• ABOUT THIS EXERCISE: The result should be the lines from the one holding "Centrer une petite" to the end of the records below, repeated exactly. No pictures.

DATA RECORDS section start

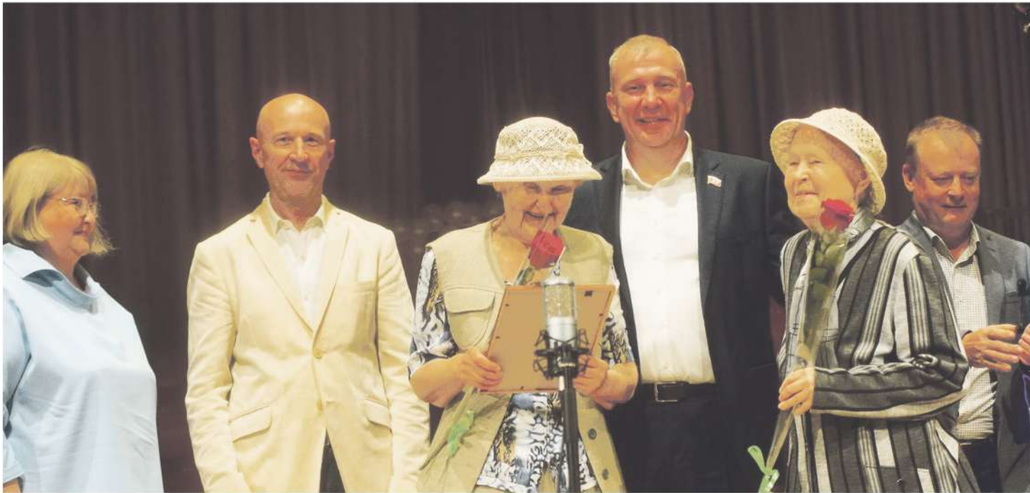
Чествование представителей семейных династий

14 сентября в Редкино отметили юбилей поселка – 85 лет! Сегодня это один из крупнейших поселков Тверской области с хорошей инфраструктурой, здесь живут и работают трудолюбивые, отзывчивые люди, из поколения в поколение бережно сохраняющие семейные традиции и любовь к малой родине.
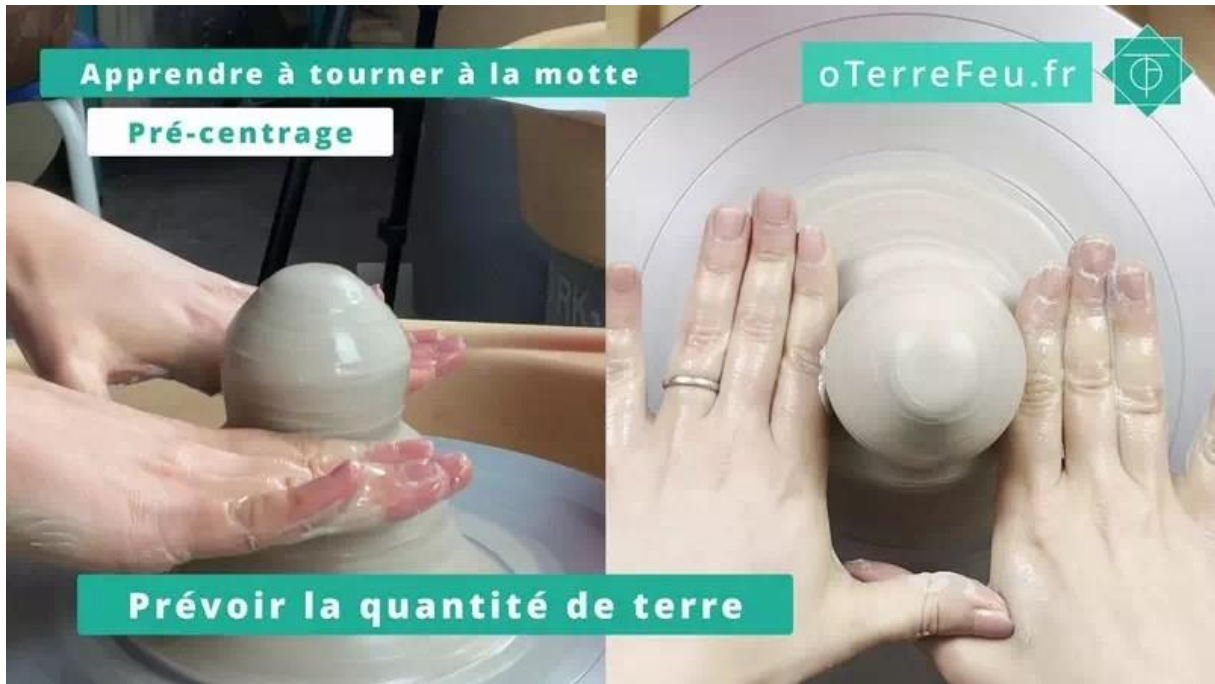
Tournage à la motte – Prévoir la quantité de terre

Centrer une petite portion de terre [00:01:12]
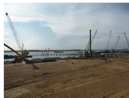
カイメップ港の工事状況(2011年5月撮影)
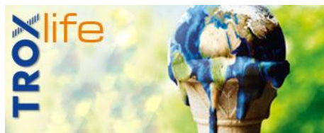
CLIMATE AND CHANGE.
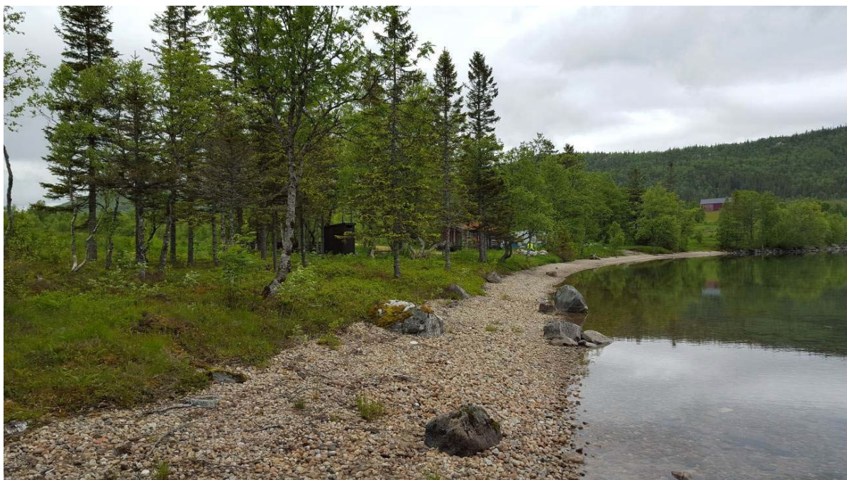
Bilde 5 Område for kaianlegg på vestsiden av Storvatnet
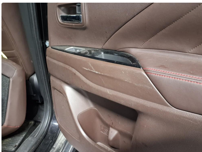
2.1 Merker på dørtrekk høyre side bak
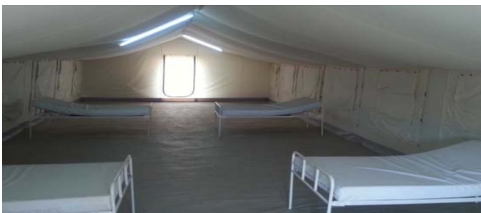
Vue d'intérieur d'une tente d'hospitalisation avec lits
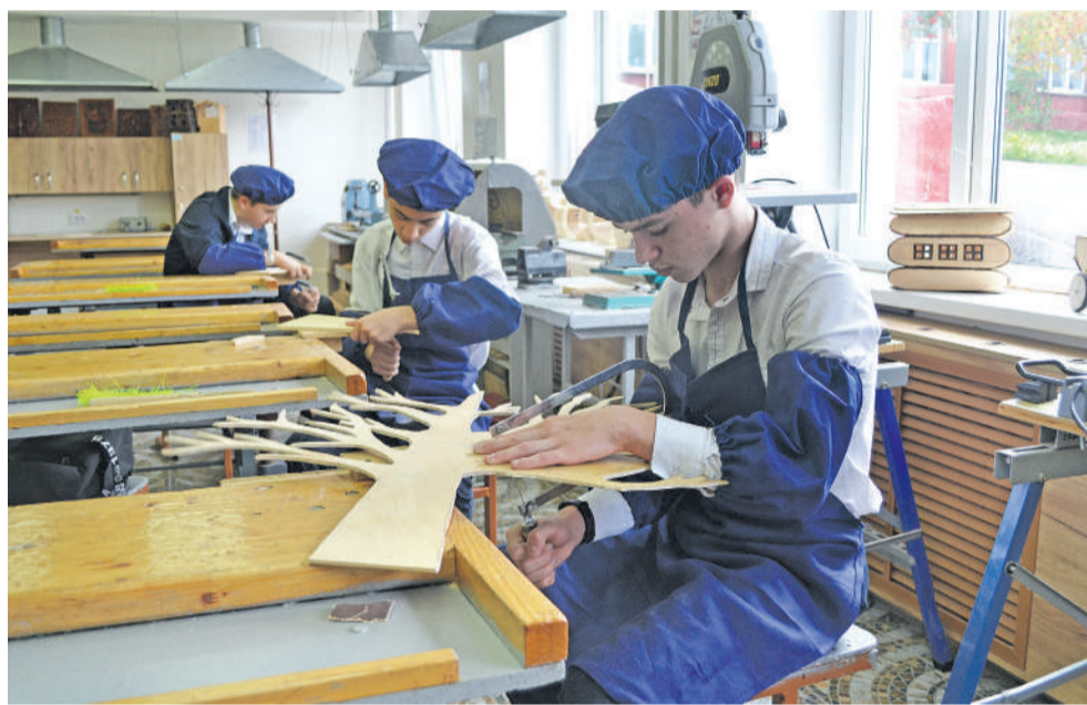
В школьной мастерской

DATA RECORDS section end

• ANSWER BOX:
Centrer une petite portion de terre [00:01:12]
カイメップ港の工事状況(2011年5月撮影)
CLIMATE AND CHANGE.
Bilde 5 Område for kaianlegg på vestsiden av Storvatnet
2.1 Merker på dørtrekk høyre side bak
Vue d'intérieur d'une tente d'hospitalisation avec lits
В школьной мастерской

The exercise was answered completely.